## WHAT TO WORK ON:
Reproduce exactly the lines of this material that begin at the line with "The Ghana Health" and end at the line with "Helina Tilk: handbemalter", both included. Omit the pictures and everything else.

## DATA TO EXAMINE:
---*---

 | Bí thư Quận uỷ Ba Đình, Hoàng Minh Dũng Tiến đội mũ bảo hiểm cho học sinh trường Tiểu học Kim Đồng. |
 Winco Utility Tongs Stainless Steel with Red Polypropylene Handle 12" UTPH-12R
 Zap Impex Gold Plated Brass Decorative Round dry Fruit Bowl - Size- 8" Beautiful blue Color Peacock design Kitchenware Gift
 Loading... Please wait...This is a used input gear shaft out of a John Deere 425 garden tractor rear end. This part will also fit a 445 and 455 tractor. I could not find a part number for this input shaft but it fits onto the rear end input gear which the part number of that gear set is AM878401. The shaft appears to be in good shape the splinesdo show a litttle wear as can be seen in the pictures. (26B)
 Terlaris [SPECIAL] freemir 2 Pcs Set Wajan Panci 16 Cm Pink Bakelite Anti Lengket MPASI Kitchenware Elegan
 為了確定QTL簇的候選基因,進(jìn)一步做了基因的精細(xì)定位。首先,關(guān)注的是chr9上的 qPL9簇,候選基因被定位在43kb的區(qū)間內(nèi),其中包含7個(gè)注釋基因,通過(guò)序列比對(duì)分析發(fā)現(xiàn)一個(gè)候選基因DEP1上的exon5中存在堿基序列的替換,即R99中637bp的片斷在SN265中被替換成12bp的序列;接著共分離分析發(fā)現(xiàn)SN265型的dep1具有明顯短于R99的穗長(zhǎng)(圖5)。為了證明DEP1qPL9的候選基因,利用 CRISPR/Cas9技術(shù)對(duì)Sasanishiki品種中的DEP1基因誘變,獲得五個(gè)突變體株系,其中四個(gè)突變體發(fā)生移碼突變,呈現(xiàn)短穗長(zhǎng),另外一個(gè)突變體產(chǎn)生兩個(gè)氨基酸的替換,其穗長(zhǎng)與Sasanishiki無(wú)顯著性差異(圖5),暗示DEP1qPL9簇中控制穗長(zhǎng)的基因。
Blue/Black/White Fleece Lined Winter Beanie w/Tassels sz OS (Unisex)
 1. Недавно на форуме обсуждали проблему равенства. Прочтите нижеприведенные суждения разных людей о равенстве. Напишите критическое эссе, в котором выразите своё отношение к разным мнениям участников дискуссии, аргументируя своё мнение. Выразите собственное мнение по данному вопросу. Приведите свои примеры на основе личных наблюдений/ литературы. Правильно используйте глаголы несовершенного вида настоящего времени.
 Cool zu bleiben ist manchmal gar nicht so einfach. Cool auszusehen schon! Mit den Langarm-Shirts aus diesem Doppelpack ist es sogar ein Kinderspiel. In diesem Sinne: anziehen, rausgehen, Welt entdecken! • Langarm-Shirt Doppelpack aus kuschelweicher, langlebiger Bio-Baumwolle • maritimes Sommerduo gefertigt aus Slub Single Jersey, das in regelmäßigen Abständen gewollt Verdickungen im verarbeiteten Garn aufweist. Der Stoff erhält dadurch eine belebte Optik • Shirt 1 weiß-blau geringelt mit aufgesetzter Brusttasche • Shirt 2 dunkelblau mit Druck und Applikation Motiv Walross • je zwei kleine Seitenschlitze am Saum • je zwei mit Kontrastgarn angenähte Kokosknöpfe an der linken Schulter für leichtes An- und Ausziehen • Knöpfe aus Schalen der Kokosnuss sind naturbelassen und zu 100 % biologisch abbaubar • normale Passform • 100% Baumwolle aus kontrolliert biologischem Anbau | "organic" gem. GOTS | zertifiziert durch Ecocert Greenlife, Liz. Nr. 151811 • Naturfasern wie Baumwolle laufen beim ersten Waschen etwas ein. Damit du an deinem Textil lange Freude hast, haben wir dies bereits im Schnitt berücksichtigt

---*---

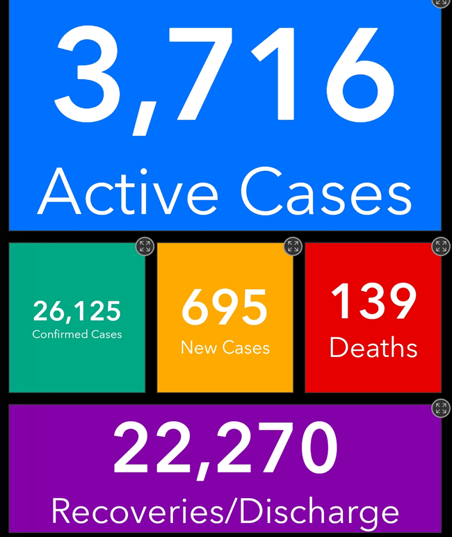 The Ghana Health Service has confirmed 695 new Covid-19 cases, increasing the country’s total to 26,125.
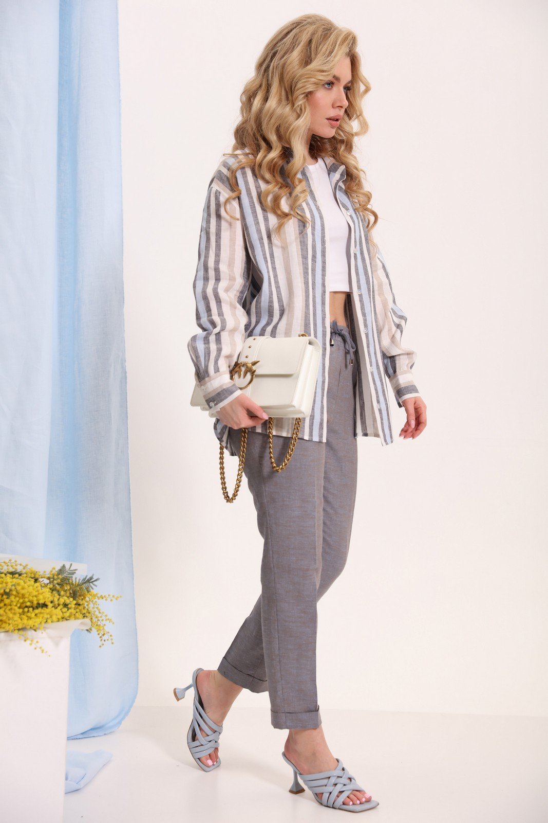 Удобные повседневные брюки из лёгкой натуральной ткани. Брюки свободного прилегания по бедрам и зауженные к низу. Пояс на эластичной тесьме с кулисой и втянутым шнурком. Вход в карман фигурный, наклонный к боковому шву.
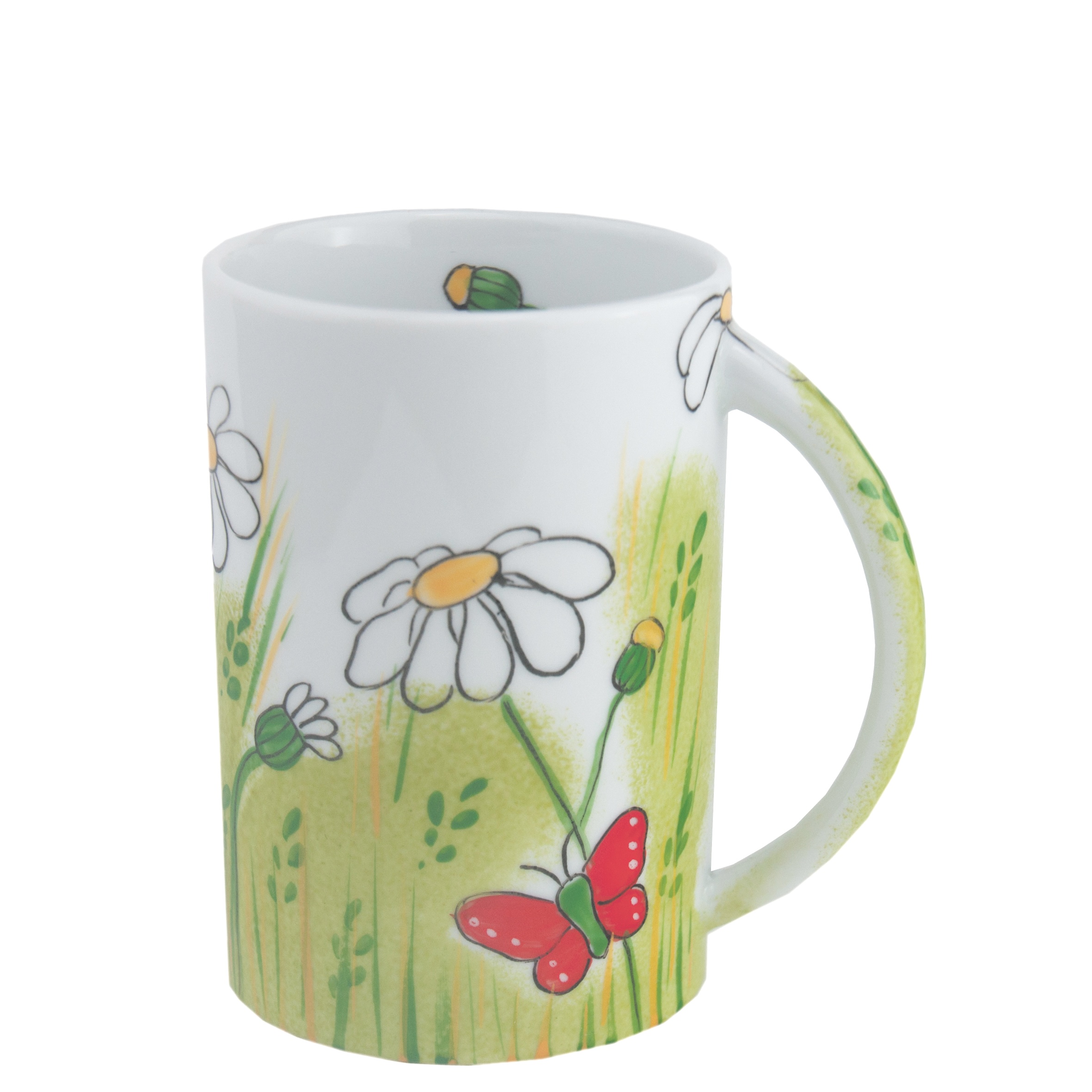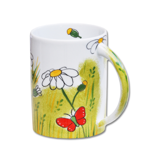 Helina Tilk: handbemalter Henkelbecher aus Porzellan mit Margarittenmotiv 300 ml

---*---

## COMPLETED TASK:
 The Ghana Health Service has confirmed 695 new Covid-19 cases, increasing the country’s total to 26,125.
 Удобные повседневные брюки из лёгкой натуральной ткани. Брюки свободного прилегания по бедрам и зауженные к низу. Пояс на эластичной тесьме с кулисой и втянутым шнурком. Вход в карман фигурный, наклонный к боковому шву.
 Helina Tilk: handbemalter Henkelbecher aus Porzellan mit Margarittenmotiv 300 ml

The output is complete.